WHAT YOU HAVE TO DO: Nothing but the lines below between the line holding "L&L® Hand Made" and the line holding "王辉教授(右一)与研究生在实验室工作。靳军摄", inclusive, should appear in the answer, each set down exactly.
BEGIN GIVEN INFORMATION
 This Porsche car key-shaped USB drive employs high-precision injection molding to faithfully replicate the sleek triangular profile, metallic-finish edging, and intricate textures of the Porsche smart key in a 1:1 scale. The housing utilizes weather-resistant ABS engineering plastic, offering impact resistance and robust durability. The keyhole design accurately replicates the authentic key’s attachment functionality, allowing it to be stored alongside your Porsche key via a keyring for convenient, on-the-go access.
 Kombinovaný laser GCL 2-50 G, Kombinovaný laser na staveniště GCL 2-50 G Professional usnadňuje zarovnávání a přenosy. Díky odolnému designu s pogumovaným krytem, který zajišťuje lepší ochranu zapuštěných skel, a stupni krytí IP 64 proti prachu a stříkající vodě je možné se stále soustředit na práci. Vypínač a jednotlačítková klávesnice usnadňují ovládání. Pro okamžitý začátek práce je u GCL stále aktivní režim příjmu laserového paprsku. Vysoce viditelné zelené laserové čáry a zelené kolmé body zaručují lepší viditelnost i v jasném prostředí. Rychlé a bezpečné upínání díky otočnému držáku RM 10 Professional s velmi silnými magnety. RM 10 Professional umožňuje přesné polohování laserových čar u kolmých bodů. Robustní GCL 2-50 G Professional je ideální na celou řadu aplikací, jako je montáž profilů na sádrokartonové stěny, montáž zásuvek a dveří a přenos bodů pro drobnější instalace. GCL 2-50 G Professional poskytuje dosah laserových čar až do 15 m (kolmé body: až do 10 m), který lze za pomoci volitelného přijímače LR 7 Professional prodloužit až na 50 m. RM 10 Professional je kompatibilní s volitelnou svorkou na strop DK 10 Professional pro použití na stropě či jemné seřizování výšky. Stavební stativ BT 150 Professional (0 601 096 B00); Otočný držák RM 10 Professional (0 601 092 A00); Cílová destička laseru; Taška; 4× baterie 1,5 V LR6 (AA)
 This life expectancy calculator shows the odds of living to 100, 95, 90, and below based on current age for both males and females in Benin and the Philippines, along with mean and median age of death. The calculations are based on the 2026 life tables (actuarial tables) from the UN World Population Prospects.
END GIVEN INFORMATION
BEGIN GIVEN INFORMATION
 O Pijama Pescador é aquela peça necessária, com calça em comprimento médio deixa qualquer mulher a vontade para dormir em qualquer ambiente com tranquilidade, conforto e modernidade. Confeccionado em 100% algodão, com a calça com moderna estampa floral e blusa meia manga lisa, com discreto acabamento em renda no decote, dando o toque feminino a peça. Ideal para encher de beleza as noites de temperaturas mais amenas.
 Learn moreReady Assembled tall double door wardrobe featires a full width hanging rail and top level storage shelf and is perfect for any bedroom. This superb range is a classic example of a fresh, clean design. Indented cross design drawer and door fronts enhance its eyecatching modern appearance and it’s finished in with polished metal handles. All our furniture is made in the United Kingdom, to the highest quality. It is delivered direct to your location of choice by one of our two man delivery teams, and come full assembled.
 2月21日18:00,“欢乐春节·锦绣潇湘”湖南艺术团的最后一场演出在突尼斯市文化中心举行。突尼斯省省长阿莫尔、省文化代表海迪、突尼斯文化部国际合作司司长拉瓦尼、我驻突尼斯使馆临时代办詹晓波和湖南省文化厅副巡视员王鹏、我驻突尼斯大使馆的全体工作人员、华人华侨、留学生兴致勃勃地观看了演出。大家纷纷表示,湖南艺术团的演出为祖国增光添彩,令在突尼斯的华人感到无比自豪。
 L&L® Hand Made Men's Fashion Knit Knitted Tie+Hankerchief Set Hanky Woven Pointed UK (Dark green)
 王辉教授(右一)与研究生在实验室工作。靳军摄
END GIVEN INFORMATION
RESULT OF THE TASK:
 L&L® Hand Made Men's Fashion Knit Knitted Tie+Hankerchief Set Hanky Woven Pointed UK (Dark green)
 王辉教授(右一)与研究生在实验室工作。靳军摄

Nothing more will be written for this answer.